WORK REQUIRED -
Could you transcribe exactly the lines from the one containing "Sigel LP711 - Postkartenpapier" through the end of the listing below, both included, but none of the pictures?

DATA PROVIDED -
※

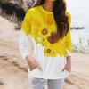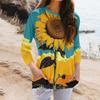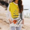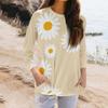 Damenmode Lässiges T-Shirt mit Rundhalsausschnitt, 3/4-Ärmeln und Tasche
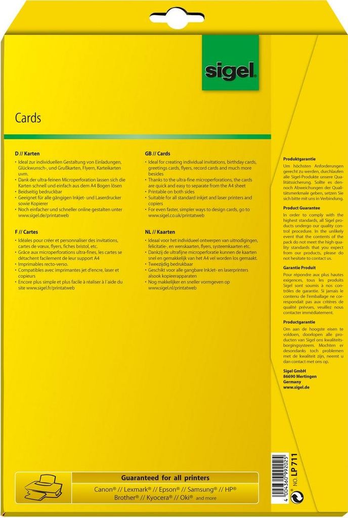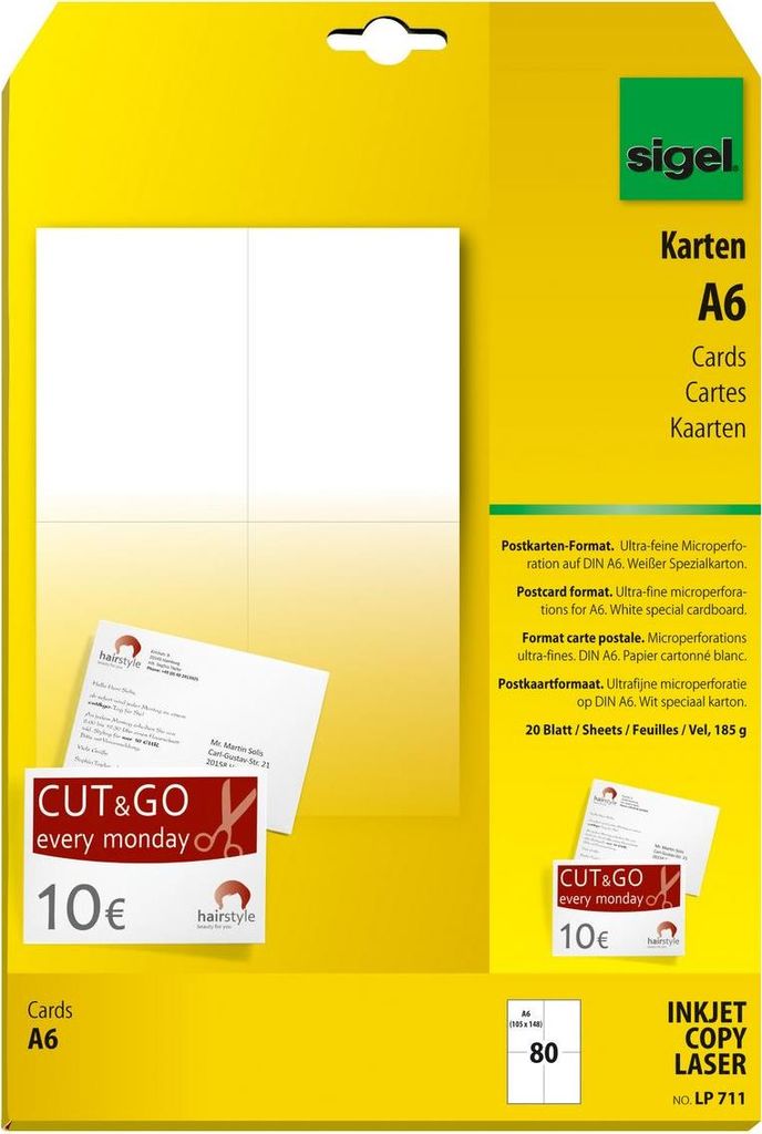 Sigel LP711 - Postkartenpapier - 80 Karte(n) - A6 - 185 g/m² |
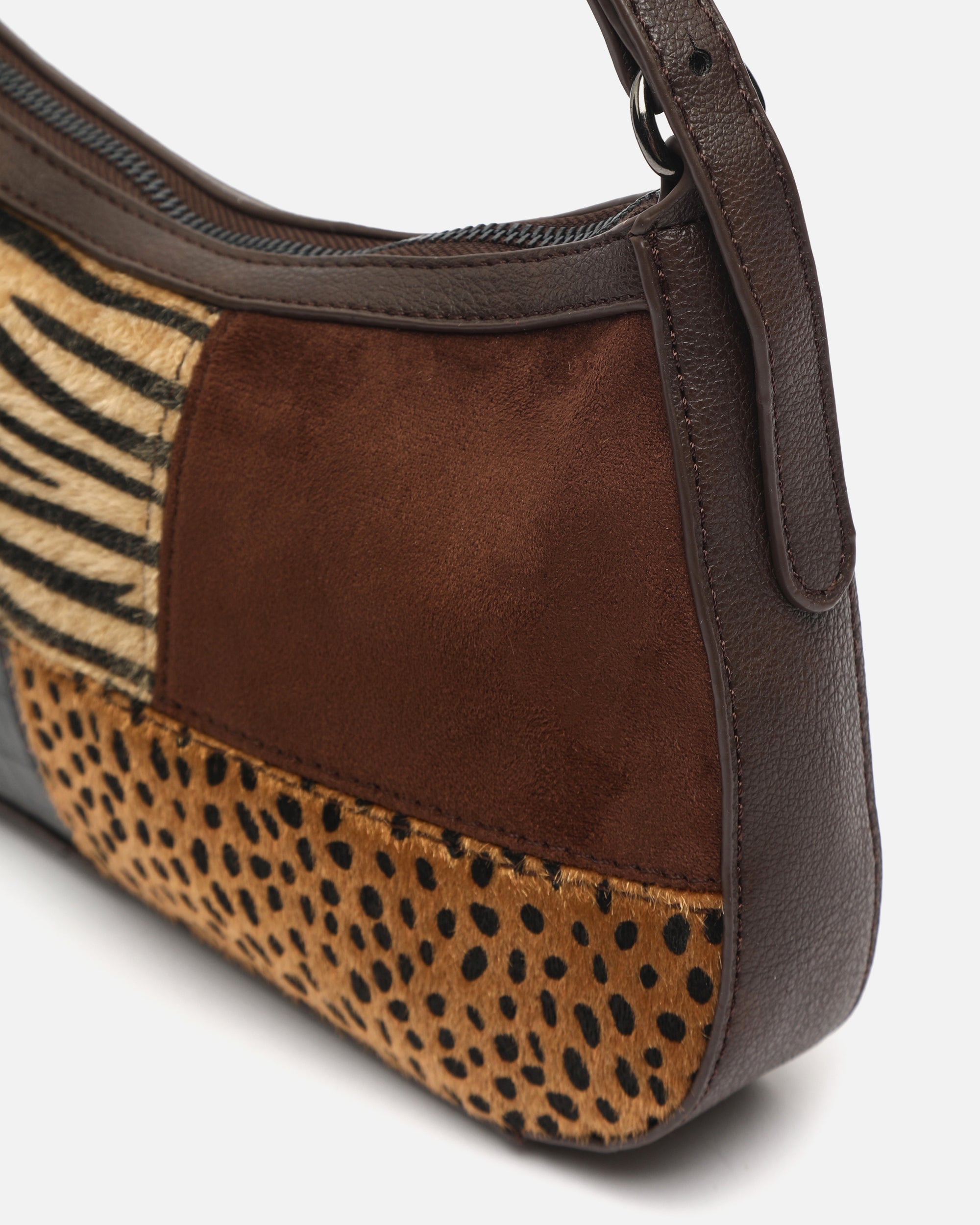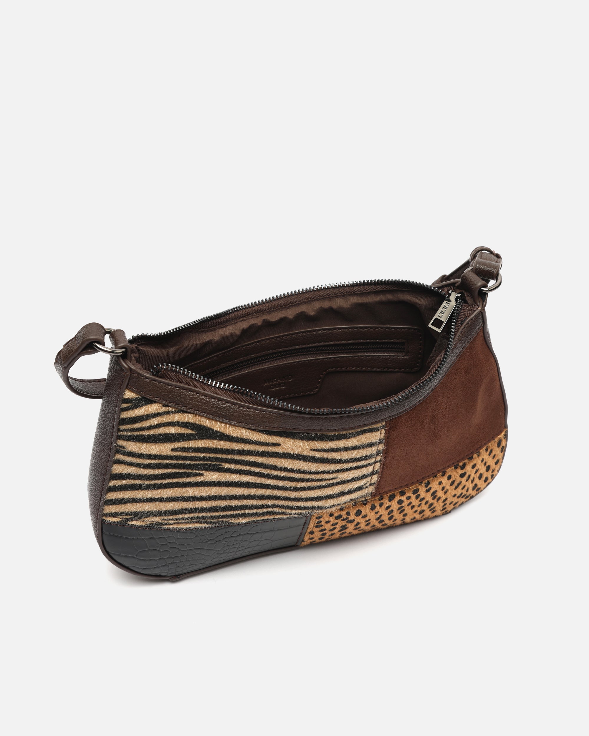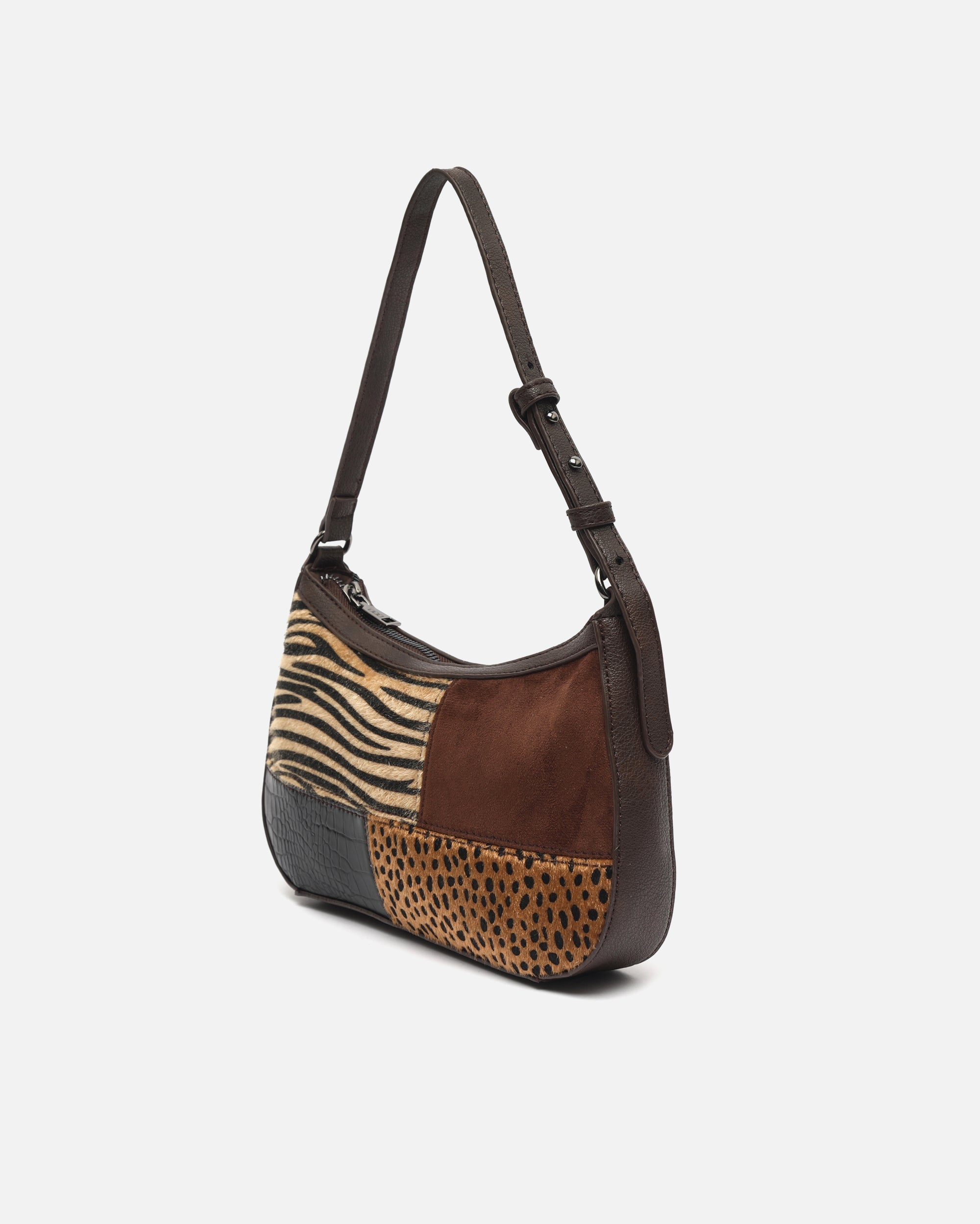 Zivera small shoulder bag with animal print patchwork pattern by Misako

※

ANSWER SECTION -
 Sigel LP711 - Postkartenpapier - 80 Karte(n) - A6 - 185 g/m² |
 Zivera small shoulder bag with animal print patchwork pattern by Misako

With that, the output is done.